In a related study, Mandli, working with Colton Conroy and Jiao Li of Columbia, used patch-based AMR to solve the shallow water equations with added terms in order to assess the risk of storm-surge flooding in coastal cities. The trio sought efficient, reliable answers to some of the fundamental questions of flood management design and forecasting: How high should we build surge protection barriers? Will the water deflected by the barriers cause flooding elsewhere? They found partial answers by solving a Riemann problem over a region where barriers were modeled as thin walls at cell boundaries, although much work remains.

A Large Cast

Of course, AMR is but one among many arms that CSE has built for itself and repeatedly flexed in the service of other areas of human endeavor, ranging from the astronomic to the atomic.

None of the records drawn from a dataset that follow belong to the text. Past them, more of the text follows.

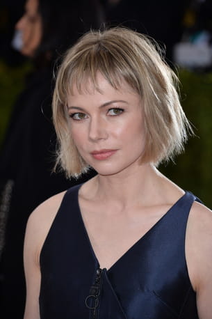 Avec cette frange courte, Michelle Williams apporte une touche punk au carré court qu'elle arborait lors du Met Gala en 2016.
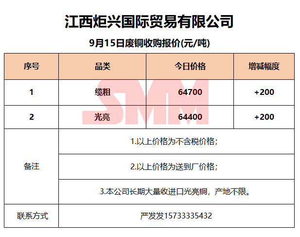 9月15日江西炬兴 废铜收购报价
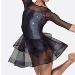 Contemporary Dance Costume, Black holographic GRAVITATE, Adult Medium
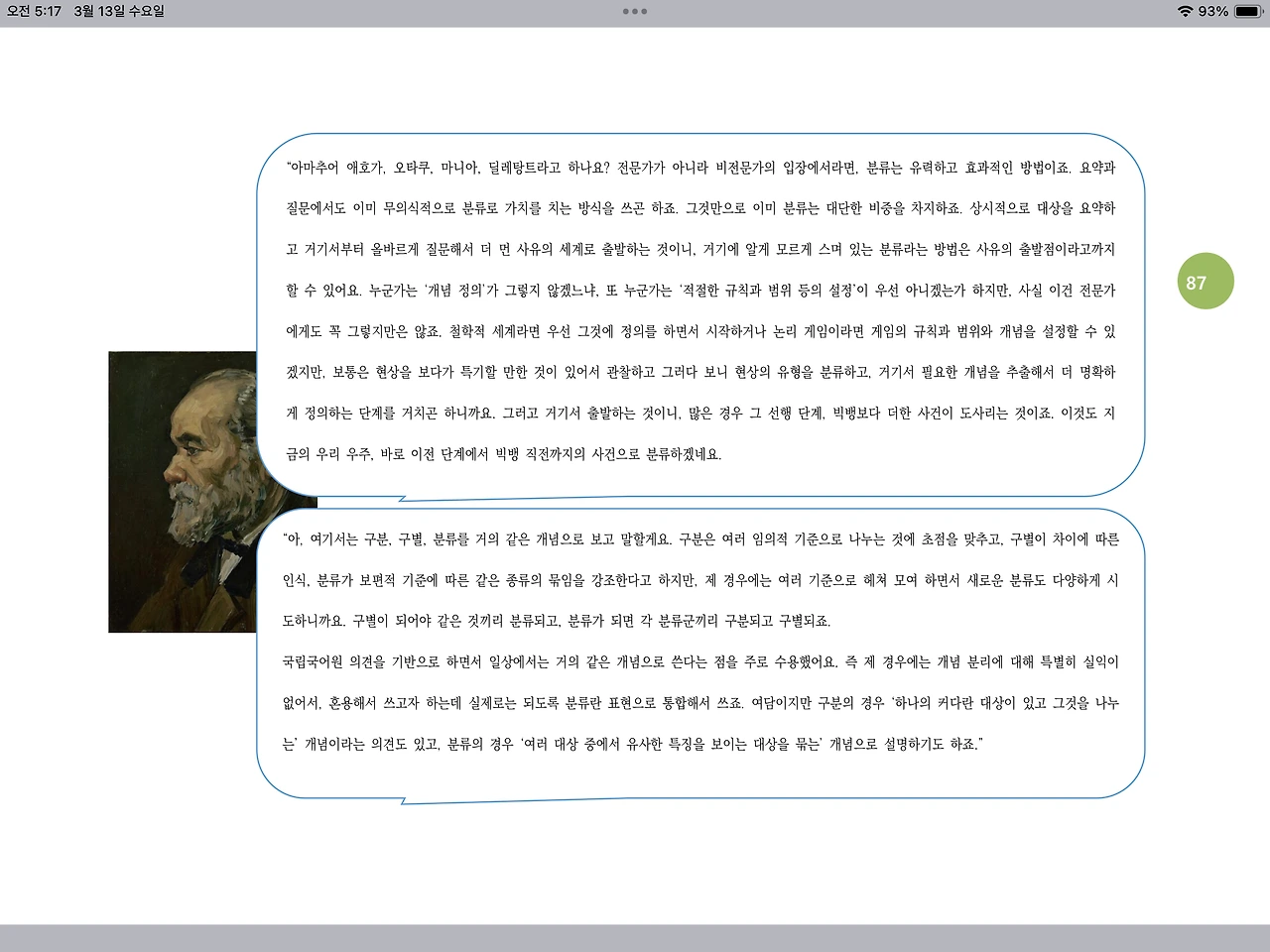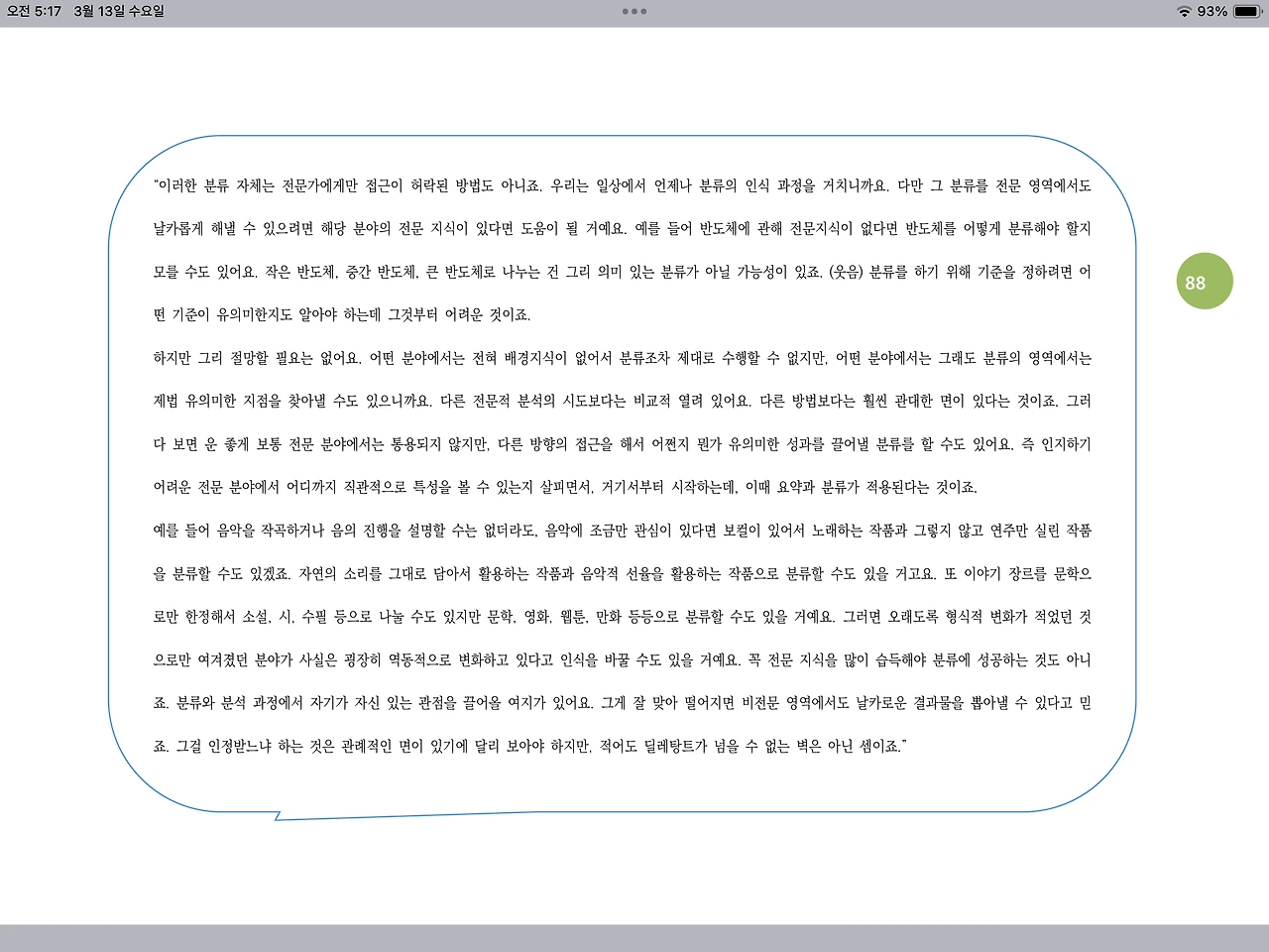 “아, 여기서는 구분, 구별, 분류를 거의 같은 개념으로 보고 말할게요. 구분은 여러 임의적 기준으로 나누는 것에 초점을 맞추고, 구별이 차이에 따른 인식, 분류가 보편적 기준에 따른 같은 종류의 묶임을 강조한다고 하지만, 제 경우에는 여러 기준으로 헤쳐 모여 하면서 새로운 분류도 다양하게 시도하니까요. 구별이 되어야 같은 것끼리 분류되고, 분류가 되면 각 분류군끼리 구분되고 구별되죠.
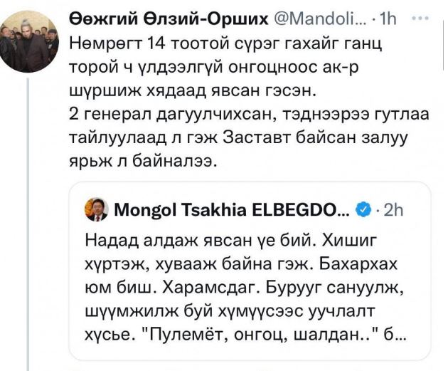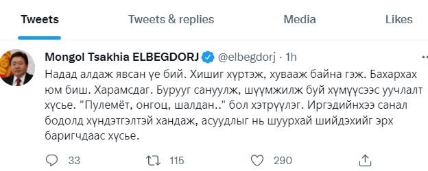 Ерөнхийлөгч асан Ц.Элбэгдоржийг “Азаргын голд шалдан хүүхнүүдтэй зугаалсан. Нөмрөг, Минжийн хангайд онгоцоор нисэж пу.лемё.тоор амь.тан х.яд.сан” хэмээн бичсэн. Харин эл асуудалд Ерөнхийлөгч асан Ц.Элбэгдорж өнөөдөр хариу тайлбар өгөхдөө, “Надад алдаж явсан үе бий. Хишиг хүртэж, хувааж байна гэж. Бахархах юм биш. Харамсдаг. Бурууг сануулж, шүүмжилж буй хүмүүсээс уучлалт хүсье. “Пулемёт, онгоц, шалдан..” бол хэтрүүлэг. Иргэдийнхээ санал бодолд хүндэтгэлтэй хандаж, асуудлыг нь шуурхай шийдэхийг эрх баригчдаас хүсье” хэмээжээ.

AMR’s frequent appearances in so many settings at CSE17 make it a compelling lead character—but only one among a very large cast—in this story about computational science and engineering as a fruitful and rapidly-growing part of applied mathematics.


Abel’s and Almgren’s CSE17 presentations are available from SIAM either as slides with synchronized audio, or as PDFs of slides only.

1 Calhoun maintains an extensive list of adaptive mesh resources.

Paul Davis is professor emeritus of mathematical sciences at Worcester Polytechnic Institute.